**Exercise instructions:** Retype the records word for word. Skip every image.

Dataset excerpts
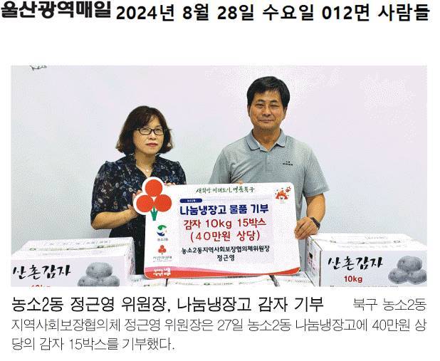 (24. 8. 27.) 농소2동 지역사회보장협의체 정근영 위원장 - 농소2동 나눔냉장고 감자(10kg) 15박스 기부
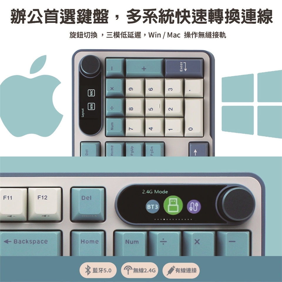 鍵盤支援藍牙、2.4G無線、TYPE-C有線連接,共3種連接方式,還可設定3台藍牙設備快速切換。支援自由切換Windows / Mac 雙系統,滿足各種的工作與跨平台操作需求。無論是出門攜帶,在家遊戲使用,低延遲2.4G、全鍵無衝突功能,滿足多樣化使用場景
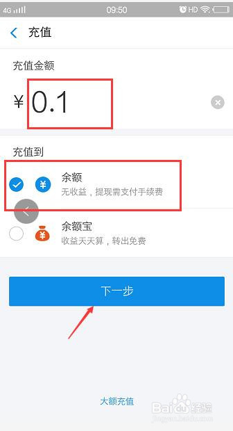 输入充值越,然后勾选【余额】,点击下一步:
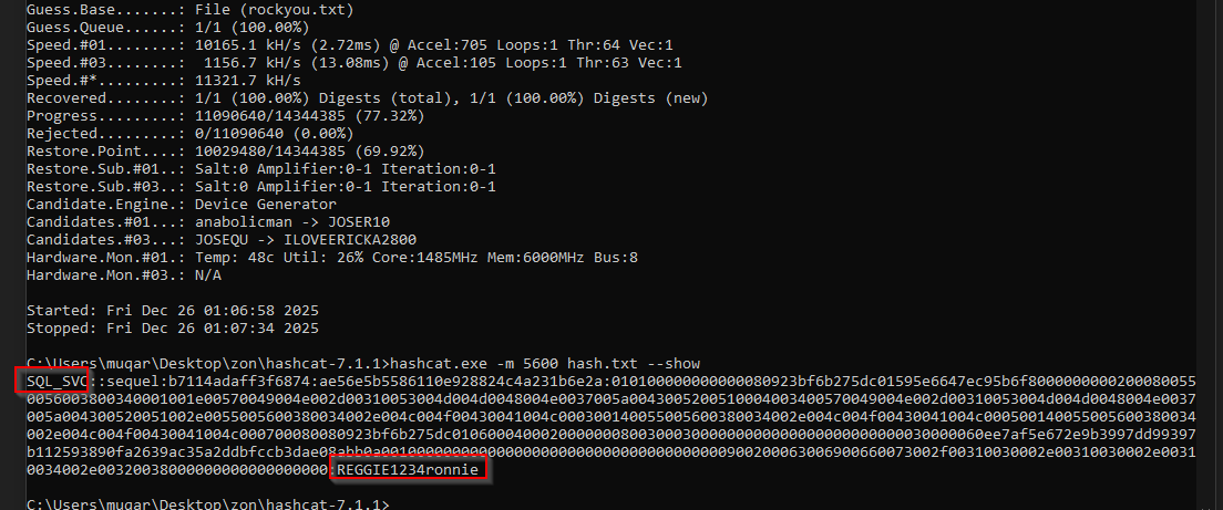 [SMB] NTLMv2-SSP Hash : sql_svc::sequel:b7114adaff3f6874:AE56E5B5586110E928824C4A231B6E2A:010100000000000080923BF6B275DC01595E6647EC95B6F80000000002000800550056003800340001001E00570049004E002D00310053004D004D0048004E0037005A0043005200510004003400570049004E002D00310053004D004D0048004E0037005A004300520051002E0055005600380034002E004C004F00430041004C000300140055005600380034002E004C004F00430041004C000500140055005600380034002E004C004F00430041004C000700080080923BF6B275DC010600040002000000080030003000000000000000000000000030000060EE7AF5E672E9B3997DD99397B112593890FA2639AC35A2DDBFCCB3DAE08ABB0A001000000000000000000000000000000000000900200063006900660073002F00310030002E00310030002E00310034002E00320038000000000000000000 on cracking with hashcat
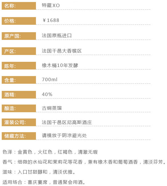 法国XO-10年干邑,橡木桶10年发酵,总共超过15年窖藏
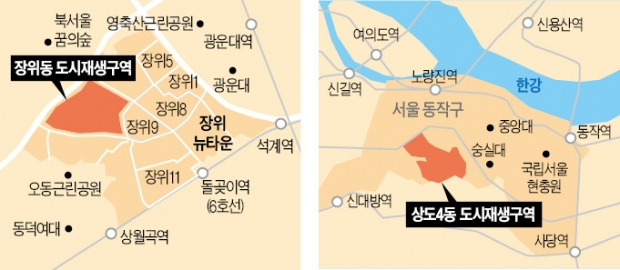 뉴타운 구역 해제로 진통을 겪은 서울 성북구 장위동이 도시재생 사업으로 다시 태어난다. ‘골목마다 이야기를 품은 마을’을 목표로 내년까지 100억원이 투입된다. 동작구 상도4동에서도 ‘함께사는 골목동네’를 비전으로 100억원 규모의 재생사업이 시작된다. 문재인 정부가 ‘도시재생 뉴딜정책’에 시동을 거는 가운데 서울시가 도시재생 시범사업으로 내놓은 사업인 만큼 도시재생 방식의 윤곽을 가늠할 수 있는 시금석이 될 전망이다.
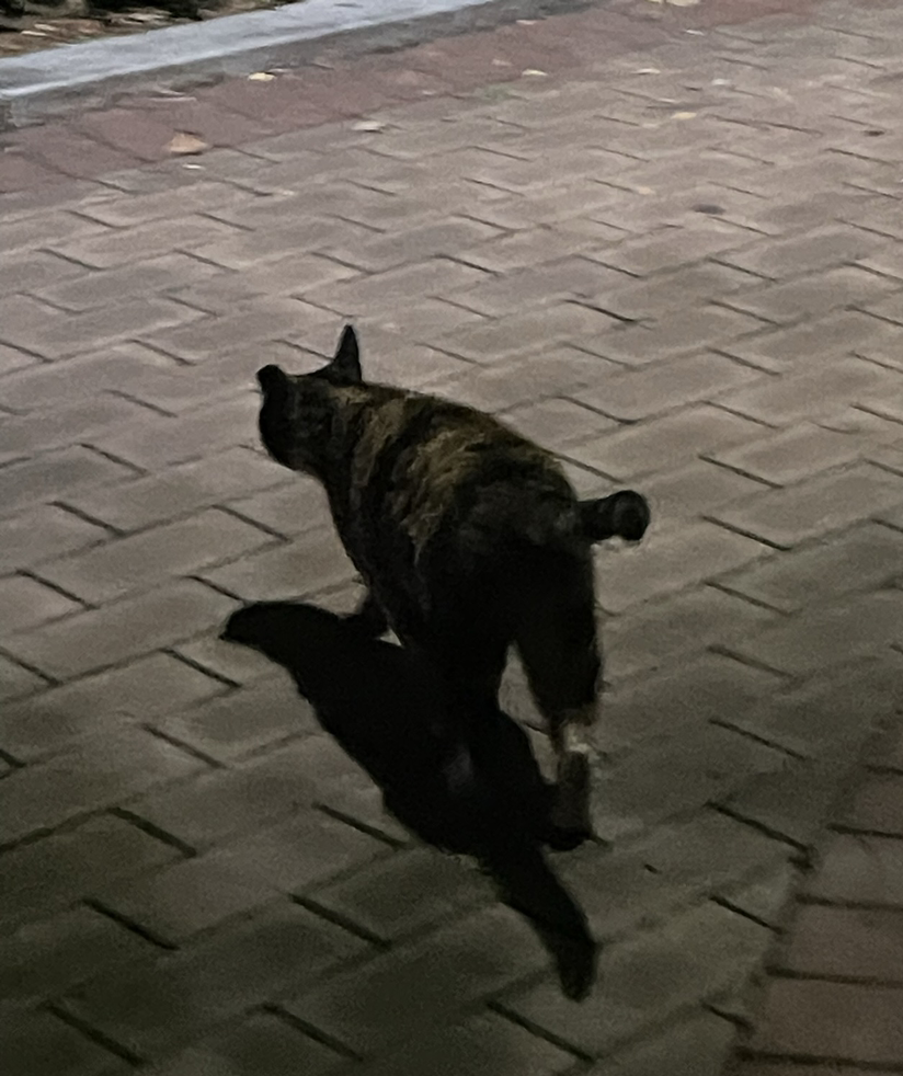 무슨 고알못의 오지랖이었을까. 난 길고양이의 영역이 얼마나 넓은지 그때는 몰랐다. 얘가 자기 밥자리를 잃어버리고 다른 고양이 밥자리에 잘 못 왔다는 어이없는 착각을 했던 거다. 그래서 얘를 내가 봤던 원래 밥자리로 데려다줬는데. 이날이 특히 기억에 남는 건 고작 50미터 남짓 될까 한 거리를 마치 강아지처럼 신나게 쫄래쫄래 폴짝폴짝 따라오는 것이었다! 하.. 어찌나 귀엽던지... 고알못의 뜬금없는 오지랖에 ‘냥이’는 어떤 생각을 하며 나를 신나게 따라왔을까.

**Task answer:**
 (24. 8. 27.) 농소2동 지역사회보장협의체 정근영 위원장 - 농소2동 나눔냉장고 감자(10kg) 15박스 기부
 鍵盤支援藍牙、2.4G無線、TYPE-C有線連接,共3種連接方式,還可設定3台藍牙設備快速切換。支援自由切換Windows / Mac 雙系統,滿足各種的工作與跨平台操作需求。無論是出門攜帶,在家遊戲使用,低延遲2.4G、全鍵無衝突功能,滿足多樣化使用場景
 输入充值越,然后勾选【余额】,点击下一步:
 [SMB] NTLMv2-SSP Hash : sql_svc::sequel:b7114adaff3f6874:AE56E5B5586110E928824C4A231B6E2A:010100000000000080923BF6B275DC01595E6647EC95B6F80000000002000800550056003800340001001E00570049004E002D00310053004D004D0048004E0037005A0043005200510004003400570049004E002D00310053004D004D0048004E0037005A004300520051002E0055005600380034002E004C004F00430041004C000300140055005600380034002E004C004F00430041004C000500140055005600380034002E004C004F00430041004C000700080080923BF6B275DC010600040002000000080030003000000000000000000000000030000060EE7AF5E672E9B3997DD99397B112593890FA2639AC35A2DDBFCCB3DAE08ABB0A001000000000000000000000000000000000000900200063006900660073002F00310030002E00310030002E00310034002E00320038000000000000000000 on cracking with hashcat
 法国XO-10年干邑,橡木桶10年发酵,总共超过15年窖藏
 뉴타운 구역 해제로 진통을 겪은 서울 성북구 장위동이 도시재생 사업으로 다시 태어난다. ‘골목마다 이야기를 품은 마을’을 목표로 내년까지 100억원이 투입된다. 동작구 상도4동에서도 ‘함께사는 골목동네’를 비전으로 100억원 규모의 재생사업이 시작된다. 문재인 정부가 ‘도시재생 뉴딜정책’에 시동을 거는 가운데 서울시가 도시재생 시범사업으로 내놓은 사업인 만큼 도시재생 방식의 윤곽을 가늠할 수 있는 시금석이 될 전망이다.
 무슨 고알못의 오지랖이었을까. 난 길고양이의 영역이 얼마나 넓은지 그때는 몰랐다. 얘가 자기 밥자리를 잃어버리고 다른 고양이 밥자리에 잘 못 왔다는 어이없는 착각을 했던 거다. 그래서 얘를 내가 봤던 원래 밥자리로 데려다줬는데. 이날이 특히 기억에 남는 건 고작 50미터 남짓 될까 한 거리를 마치 강아지처럼 신나게 쫄래쫄래 폴짝폴짝 따라오는 것이었다! 하.. 어찌나 귀엽던지... 고알못의 뜬금없는 오지랖에 ‘냥이’는 어떤 생각을 하며 나를 신나게 따라왔을까.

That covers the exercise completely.